Mediapipe’s peak kinetic tremor amplitude estimates were strongly correlated to the clinical scores, again comparable to motion capture derived values (ρ = 0.55, p < 0.01, Fig. 1f, g). Mediapipe reached substantial agreement with motion capture (ρ = 0.72, p < 0.001, Fig. 1h). Mean absolute error was −2.60 mm (95% CI [−3.13, 8.23], Fig. 1i). Mediapipe’s accuracy in kinetic tremor amplitude measurement was equivalent to motion capture (Supplementary Fig. 1a). Mediapipe and motion capture were again comparably responsive to DBS effects on kinetic tremor amplitude (d = 0.69 and 0.60, Fig. 1j). Median precision of kinetic tremor amplitude measurement was calculated to be 0.31 mm for motion capture and 0.49 mm for Mediapipe. Mediapipe’s precision fell within the equivalence boundaries of ±2.1 mm (Supplementary Fig. 1c). Repeating the equivalence tests with empirically reduced 90% CI margins of ±1.5 and ±1.0 mm did not substantially change these results. Notably, the aforementioned results were similar when using mean instead of peak amplitude measurements (Supplementary Figs. 2 and 3).

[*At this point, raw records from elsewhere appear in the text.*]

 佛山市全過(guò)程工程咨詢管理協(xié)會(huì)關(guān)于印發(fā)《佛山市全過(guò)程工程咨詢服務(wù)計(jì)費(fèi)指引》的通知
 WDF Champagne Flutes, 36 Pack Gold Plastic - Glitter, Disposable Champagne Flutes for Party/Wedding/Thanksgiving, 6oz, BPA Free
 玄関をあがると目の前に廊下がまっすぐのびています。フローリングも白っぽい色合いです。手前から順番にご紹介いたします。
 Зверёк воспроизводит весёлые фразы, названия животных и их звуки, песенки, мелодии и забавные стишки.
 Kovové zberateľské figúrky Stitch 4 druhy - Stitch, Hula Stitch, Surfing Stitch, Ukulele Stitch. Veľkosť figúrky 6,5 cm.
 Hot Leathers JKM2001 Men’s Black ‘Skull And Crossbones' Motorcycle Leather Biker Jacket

Validation of the computer vision framework: tremor frequencies

Computer vision-derived tremor frequency measurements were validated against wrist-worn accelerometery, a clinical and laboratory gold standard for tremor analysis. The correspondence of tremor frequencies from Mediapipe and motion capture to accelerometery was found to be similarly strong (r > 0.40, Fig. 2a). The mean dominant frequency of postural tremor was measured to be 5.7 ± 0.72 Hz with accelerometery, 6.04 ± 0.65 Hz with motion capture and 5.9 ± 0.58 Hz with Mediapipe, resulting in mean absolute errors of −0.34 Hz [95% CI −0.08, 0.60] for motion capture and −0.21 Hz [95% CI −0.05, 0.46] for Mediapipe (Fig. 2b).

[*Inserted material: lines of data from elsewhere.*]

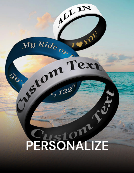 We pioneered silicone ring engraving, so you get the best custom ring with us. Make it extra meaningful with dates, nicknames, and more.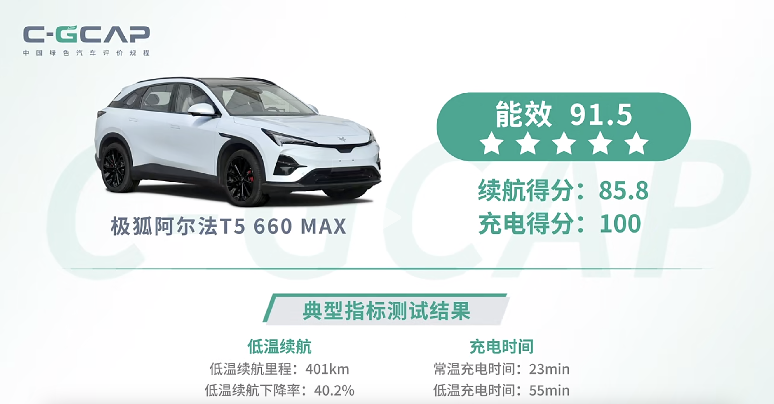 能效板块上阿尔法T5 获得91.5分,成为30万以内纯电车第一,超过21万级的极越01Max(90.9分)、26万级的小鹏G9 702 Pro(89.9分),并在充电速率、充电兼容性、充电防护上连获三个100分;在恶劣的低温和高温环境中,阿尔法T5的续航损失率明显优于其他车型,两项成绩分别领先平均分10分和8.1分,此外,在低碳方面,阿尔法T5同样获得满分100分,超出平均得分3.2分。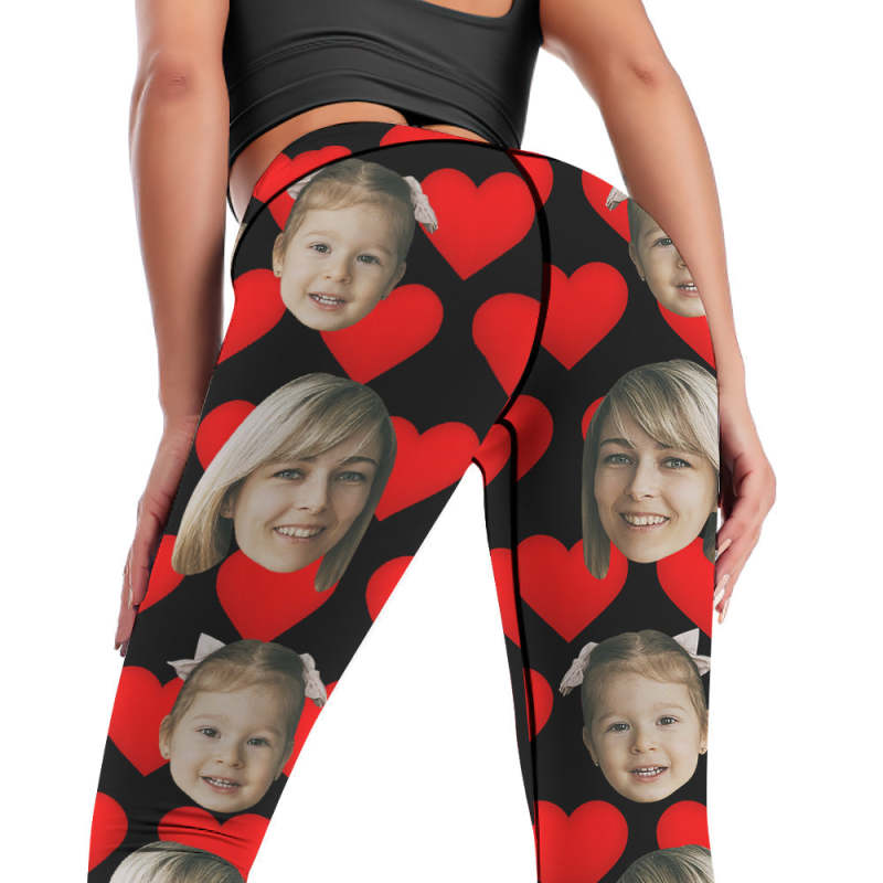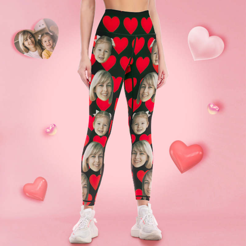 Custom Face Leggings and Tank Top Yoga Clothing Suit Mother's Day Gift - Red Heart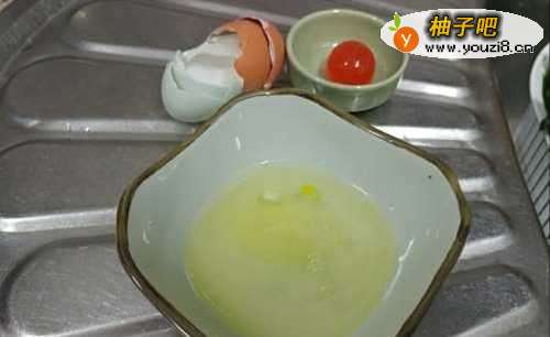 2打开咸蛋取出蛋黄,咸蛋白及鸡蛋白用叉充分调匀备用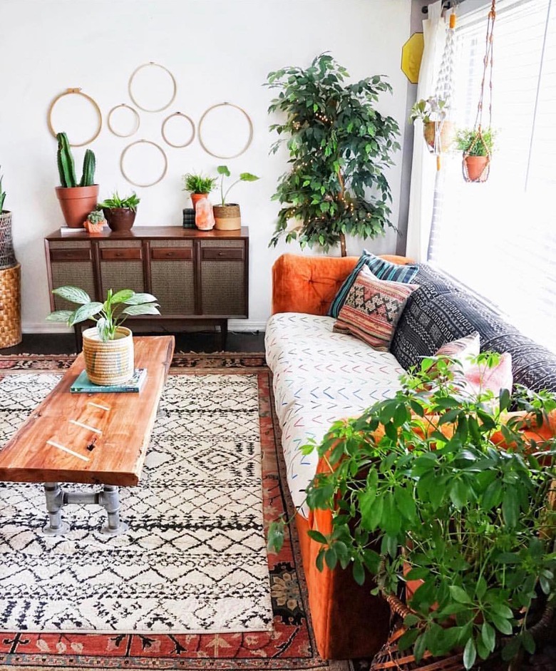 No matter what, orange is a color that will always stand out, especially when you choose an entirely orange sofa. If you're someone who loves go-big-or-go-home style, get inspired by this living room belonging to Camille of Bryant House. The velvet orange seat is draped in patterned textiles, which partner up nicely with the rest of the pattern-filled room.

Fig. 2: Tremor frequency analysis.
figure 2

a In the postural tremor condition, Mediapipe (MP) demonstrates strong correlations with accelerometer measurements (AM), similar to motion capture (MC), when estimating tremor frequencies (MP: r = 0.40, p < 0.05, MC: r = 0.46, p < 0.01). b Accuracies of postural tremor frequency measurements were calculated to be −0.34 Hz for motion capture and −0.21 Hz for Mediapipe. Bland–Altman plots revealed no systematic relationship of error and measurement magnitudes. c Absolute errors of postural tremor frequency measurements are equivalent to motion capture. d In the kinetic tremor condition, Mediapipe and motion capture-derived frequencies showed similar correlation strengths to accelerometric frequency measurements (ρ = 0.38, p < 0.05). e Accuracies of kinetic tremor frequency measurements were calculated to be −0.22 Hz for motion capture and −0.06 Hz for Mediapipe, however both with systematic relationships of error and measurement magnitudes. f Absolute errors of kinetic tremor frequency measurements are equivalent to motion capture.

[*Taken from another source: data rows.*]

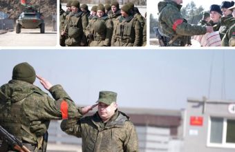 Чомусь на техніці червоні квадрати, а на рукавах і ногах військовослужбовців червоні пов'язки.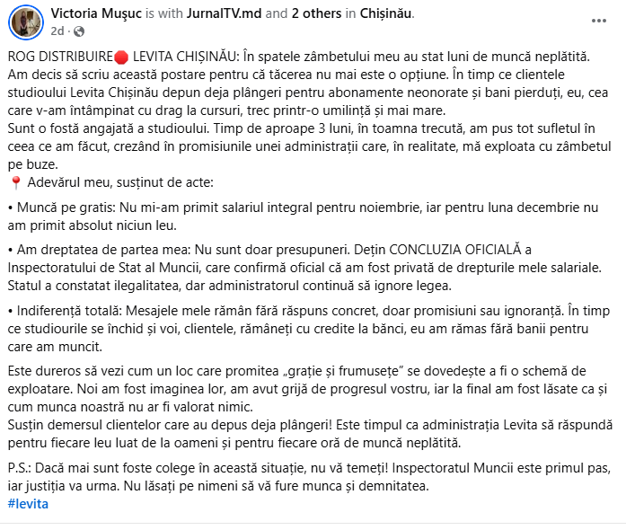 Am decis să scriu această postare pentru că tăcerea nu mai este o opțiune. În timp ce clientele studioului Levita Chișinău depun deja plângeri pentru abonamente neonorate și bani pierduți, eu, cea care v-am întâmpinat cu drag la cursuri, trec printr-o umilință și mai mare.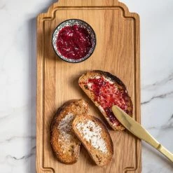 | Characteristics | Hand-made in the Netherlands – Long service life – Leather hanging cord – Cutting board / serving plate – Juice groove on one side – Can be used on both sides – Hand-wash |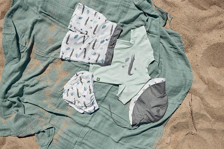 Un ajuste perfecto, materiales de alta calidad y un diseño sin costuras en el área del asiento garantizan que el pañal de baño sea cómodo de llevar en el agua y en tierra. Los protectores de erupción a juego con mangas cortas o largas completan el atuendo y garantizan una diversión sin preocupaciones en el agua.

Within the predefined margins of ±0.5 Hz, Mediapipe-derived frequency measurements achieved equivalent accuracy to accelerometery, while motion capture exceeded the equivalence bounds (Fig. 2c and Supplementary Fig. 1d). Median precision of tremor frequency measurements was 0.58 Hz for accelerometery, 1.15 Hz for motion capture and 1.12 Hz for Mediapipe. Precision values from motion capture and Mediapipe were equivalent to accelerometer within gold standard derived margins of ±2 Hz (Supplementary Fig. 1e). Again, reducing the 90% CI margins to ±1.5 and ±1.0 Hz did not substantially alter these results.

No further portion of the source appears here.